@hawkeye10,
hawkeye10 wrote:We need to understand that the Chinese think that they are very close to defeating stealth technology, and that the Russians are working closely with the Chinese generally.
"Stealth involving a large flying wing" and "stealth involving a traditional airframe" are two very different things.
Much of stealth involves shaping the plane so that the radar signal bounces harmlessly away from the plane instead of directly back at the radar receiver.

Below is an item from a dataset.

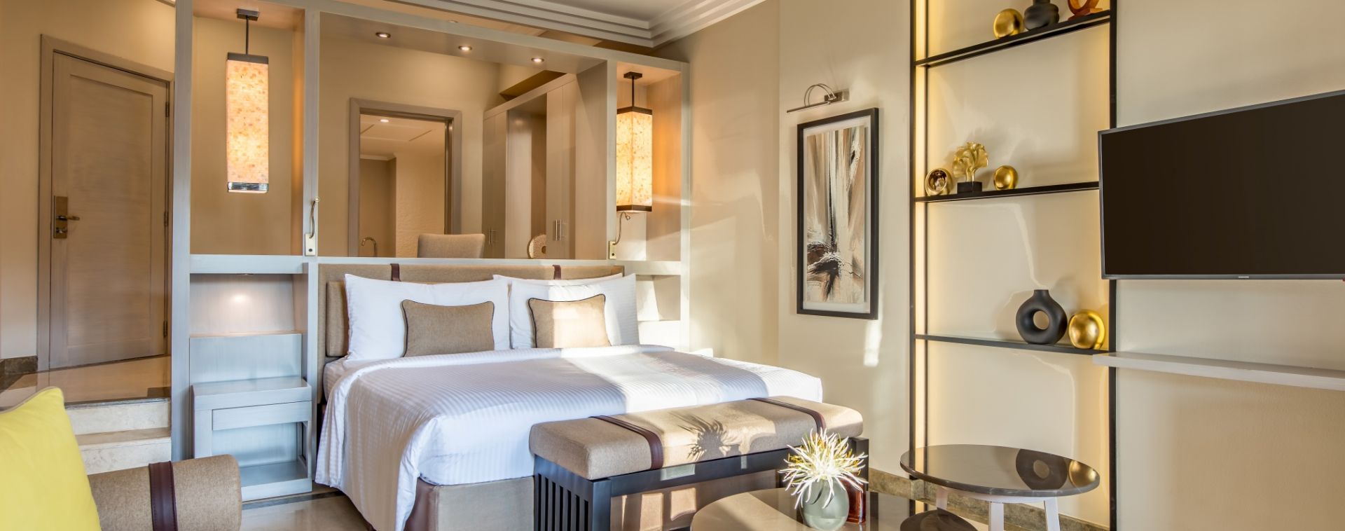 Хотелът разполага с общо 210 стаи, от които 100 Deluxe Room (на приземен/първи етаж, 56м2), 20 Deluxe Room with Private Jacuzzi (с джакузи, на втори етаж, 56 & 33м2), 40 Prestige Room Ocean View (с изглед океан, на приземен/първи етаж, 56м2), 40 Two Bedroom Family Room (2 стаи, 1 баня, на приземен/първи етаж, 72 м2), 10 Presidential Duplex Suite (на втори етаж, тип мезонет, 300м2). Всички стаи са оборудвани с климатик, телевизор, телефон, баня с душ/вана, сешоар, халат/чехли, сет за кафе/чай, сейф, балкон/тераса. Почистване на стаите и смяна на кърпите - всеки ден, смяна на спалното бельо - 2 пъти седмично. Обзаведени в съвременен и луксозен интериор, с глезещи удобства, създаващи комфорт и уединение.
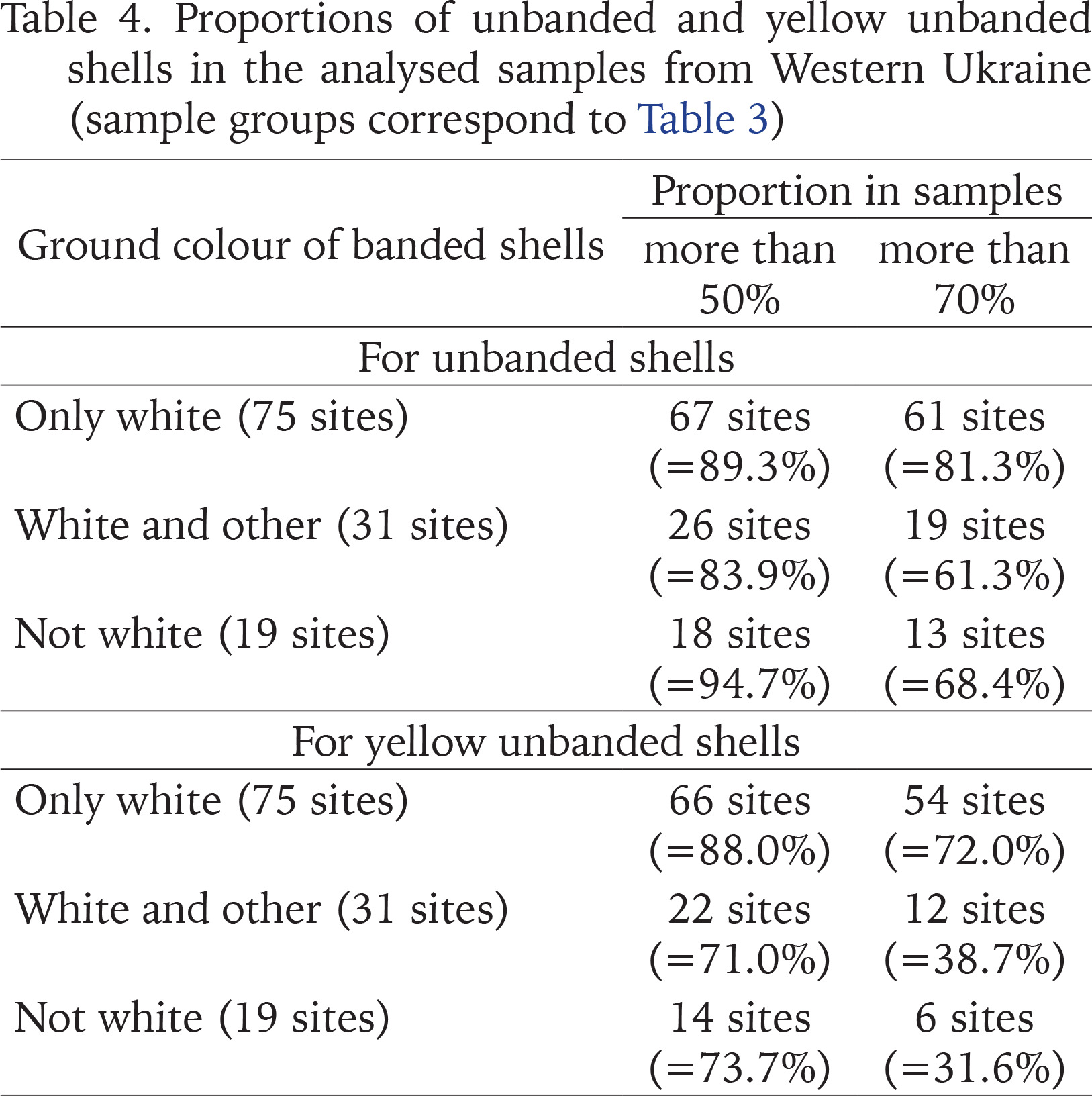 Proportions of unbanded and yellow unbanded shells in the analysed samples from Western Ukraine (sample groups correspond to Table 3)

Anti-stealth radar involves using wavelengths so large that parts of the plane appear as a single pixel. If a photon sees part of the plane as a single pixel, it doesn't see the shape and thus doesn't know that it is supposed to bounce away from the airplane. With the F-22 and F-35 the weak points are the vertical stabilizers. If you get a wavelength large enough, the vertical stabilizers will reflect back at the radar receiver.
However, there are a couple drawbacks. The first is that with such a low resolution, it is hard to guide a missile accurately. It is likely that with enough computational power it can be done, but so far no one has mustered enough computational power.
The next drawback is that this frequency range is one of the easiest to jam or spoof. It is in the same frequency range that we used for TV channels 2 through 13 back in the analog TV days. Our electronic warfare guys could very well take over the airwaves and play Seinfeld reruns on all the enemy radar screens. Or better yet they could make recordings of fake radar images and play those recordings on enemy radar screens to trick them into firing their missiles at signals that aren't even there.
However, none of the above applies to a large flying wing like a B-2 bomber. With enough computational power someone might be able to make a radar work using a frequency that sees an F-22's vertical stabilizers as single pixels. No one is ever going to make a radar with a wavelength large enough to see the wings of a B-2 bomber as a single pixel.